--- Data shown Enclosed Below ---

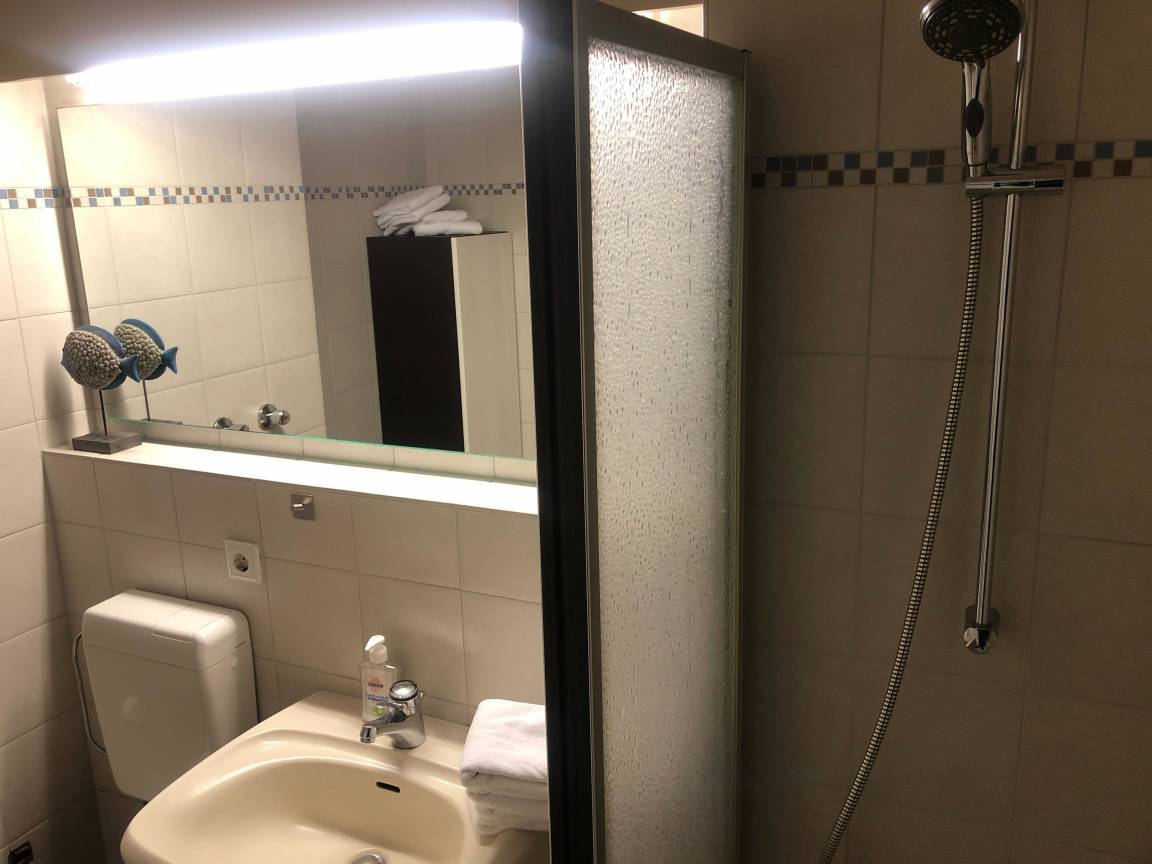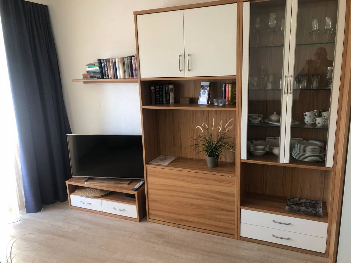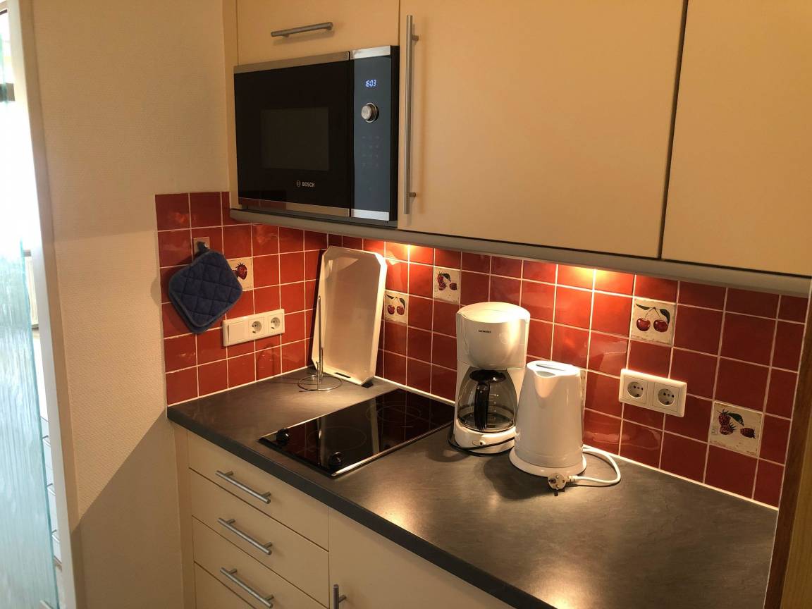 Die moderne Einbauküche verfügt über Herd, Kühlschrank, Geschirrspüler und eine Mikrowelle. Das Bad ist funktionell eingerichtet. Das Wohn-Schlafzimmer ist hell und geräumig und wurde erst kürzlich komplett neu ausgestattet. Das Bettsofa ist Anfang 2018 ausgetauscht worden. Selbstverständlich verfügt das Appartement über eine Stereoanlage, einen Flachbildschirm-Fernseher und über W-Lan.
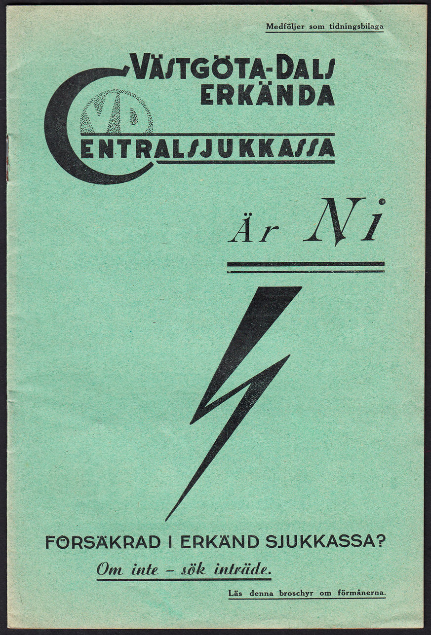 Medföljer som tidningsbilaga. Innehåll: Västgöta-Dals erkända centralsjukkassa, omfattande Älvsborgs och Skaraborgs län; Barnförsäkring; Förteckning över erkända lokalsjukkassor; Förteckning över ombud inom Västgöta-Dals erkända centralsjukkassas verksamhetsområde.
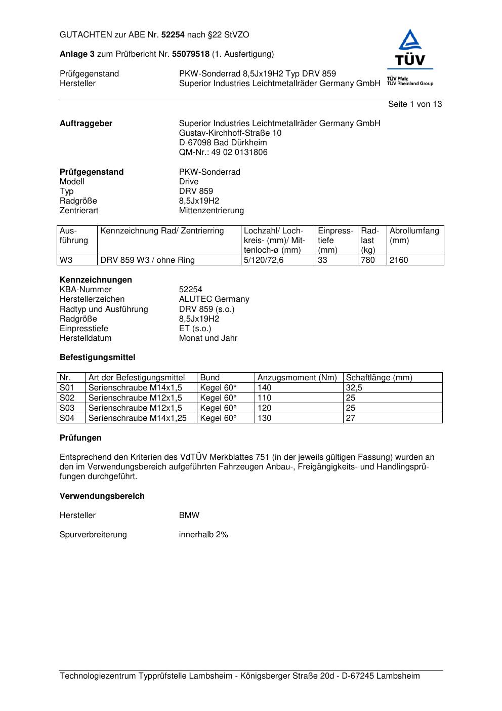 Dieses Gutachten (abe) bezieht sich auf die Alufelge ALUTEC DRV 859 in der Ausführung 8.5Jx19 ET 0, Mittenloch 0 mm (KBA 52254). Im PDF findest du typischerweise zulässige Reifengrößen, Auflagen/Anbauhinweise und – je nach Dokument – Hinweise zur Eintragung.
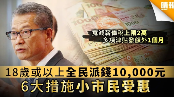 -18歲或以上香港永久居民市民派發現金1萬元,細節有待公佈
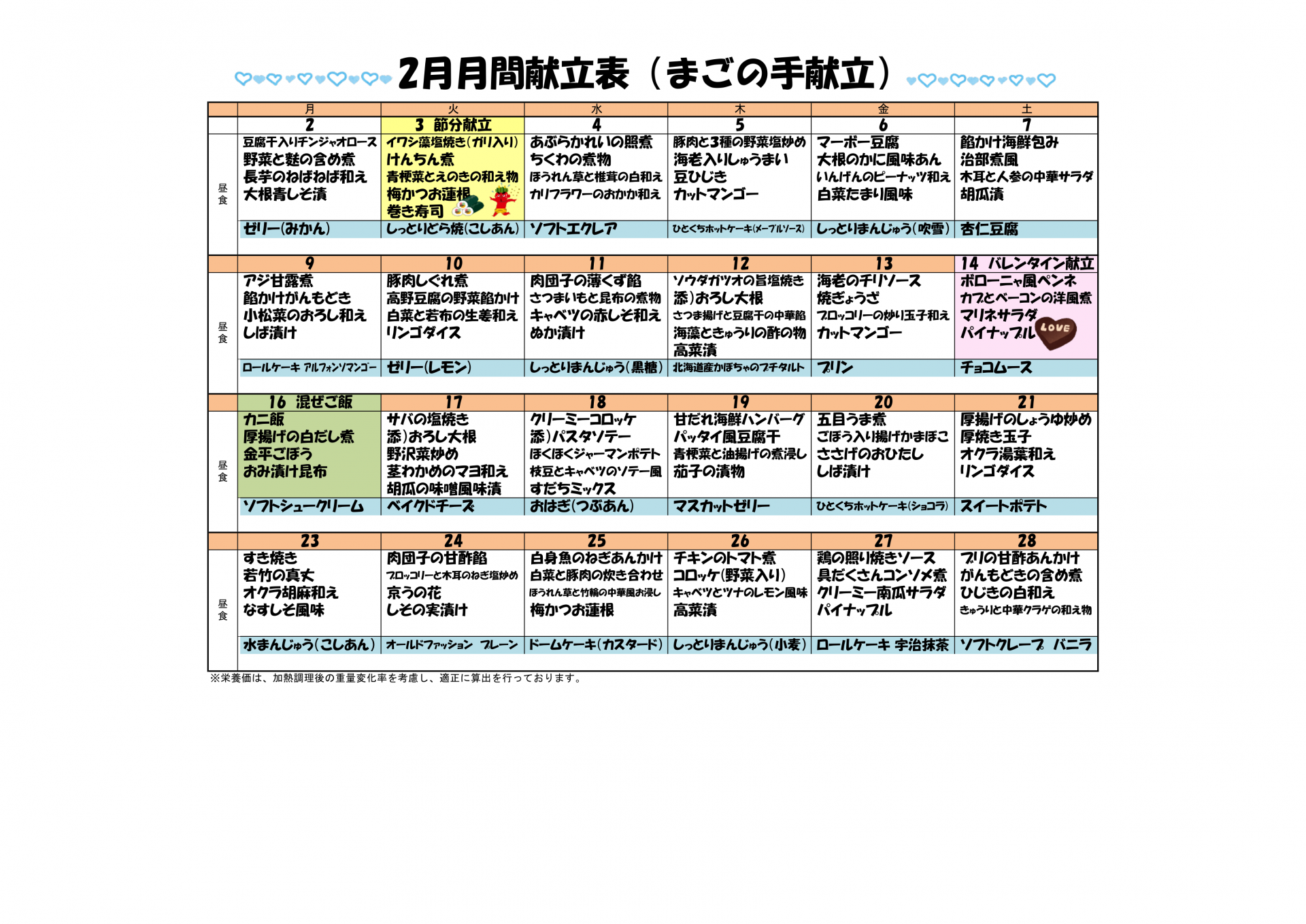 【淡路デイ】2月献立表

--- End of Enclosed Data shown ---

[Your objective]: Pictures stay out; reproduce exactly the lines from the one containing "Dieses Gutachten (abe)" through the end of the data.

[Reply]:
 Dieses Gutachten (abe) bezieht sich auf die Alufelge ALUTEC DRV 859 in der Ausführung 8.5Jx19 ET 0, Mittenloch 0 mm (KBA 52254). Im PDF findest du typischerweise zulässige Reifengrößen, Auflagen/Anbauhinweise und – je nach Dokument – Hinweise zur Eintragung.
 -18歲或以上香港永久居民市民派發現金1萬元,細節有待公佈
 【淡路デイ】2月献立表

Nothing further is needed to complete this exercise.